There are certain elements of this market that are counter-cyclical, particularly in the American market where wealth is greater and spending on appearance a well-established cultural rite. There is also a somewhat cyclical element to the international growth. As emerging markets adopt more and more technologies that connect them with the world, and as their wealth grows, they tend to demand products like clear aligners that provide clear consumer benefits from multiple vantage points. 

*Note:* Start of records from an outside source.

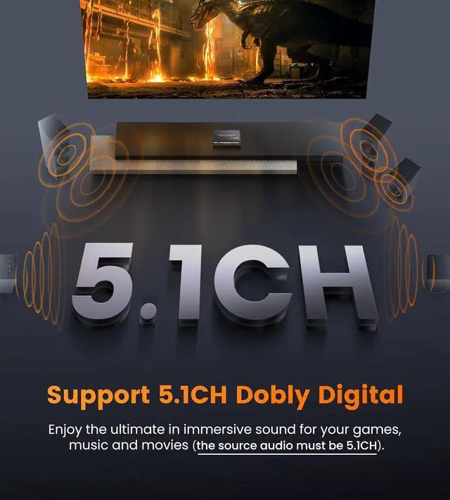 Play: Works seamlessly with devices like PS5, PS4, DVD, Xbox Series X, TV Box, Blu-ray Player, Fire Stick, Laptop, and HDTV.
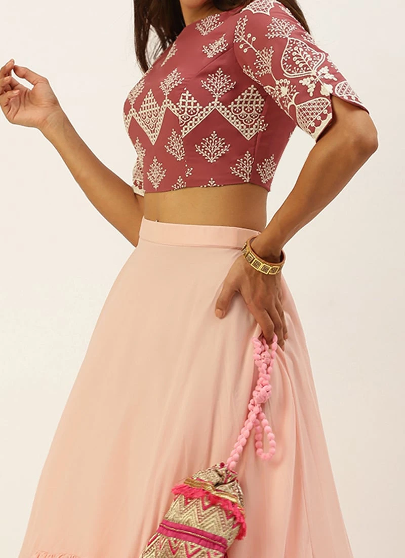 Teen Girls Mauve Embroidered N Peach Crop Top N Skirt Party Wear
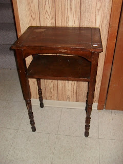 I found this little table at my local thrift store marked $15.00 but it was of course "Half Off Furniture Day". As you can see from the pictures, it was in pretty sad shape but I liked the details on the top, legs and the lines of it.
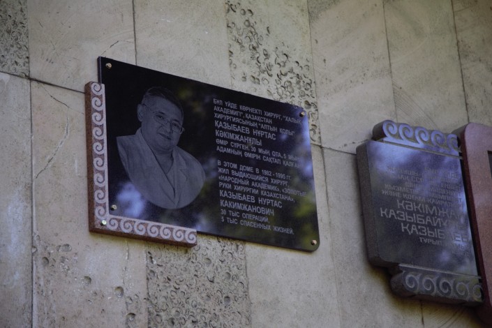 Известному хирургу Нуртасу Казыбаеву установили мемориальную доску в Алматы, передает корреспондент Tengrinews.kz. Мемориал находится на пересечении улиц Тулебаева и Казыбек би. Он установлен на фасаде дома, где жил выдающийся хирург.
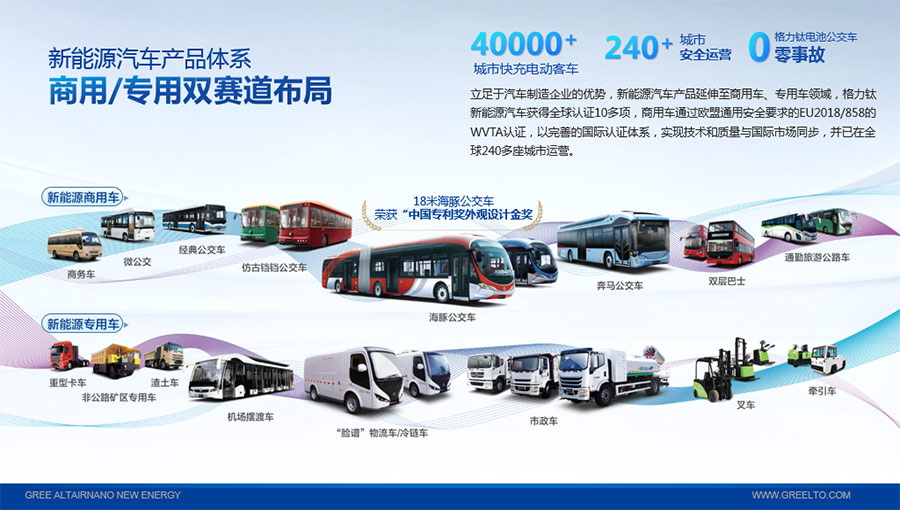 以完善的研發(fā)體系,格力鈦加快技術創(chuàng)新與產業(yè)升級的步伐。格力鈦研發(fā)的格力鈦電池安全性長期領跑行業(yè),憑借具有高安全、大倍率、快充放、耐寬溫、長壽命等特性,被選為“國家制造業(yè)單項冠軍產品”,廣泛應用于新能源汽車以及工商業(yè)園區(qū)、通訊基站、電網調頻、軌道交通、風光消納、船舶岸電、家庭住宅、軍事科研等儲能領域,具有廣闊的市場前景和應用價值。目前,格力鈦儲能產品已在丹麥、瑞士、芬蘭等全球30多個國家和地區(qū)使用,新能源汽車產品在北京、杭州、武漢、成都、青島、哈爾濱、包頭、??诘热?40多座城市運營,12年全球零電池事故安全運行。

So, in the event of a global economic downturn, it is possible that emerging market adoption and demand for this product will have been overestimated. There is even this possibility in the event that economic progress continues at a high rate in the developed world, relative to the emerging markets where vaccination campaigns are still far behind levels in Western economies. The continued divergence could result in slower rising awareness of malocclusion an treatment solutions than company management estimates.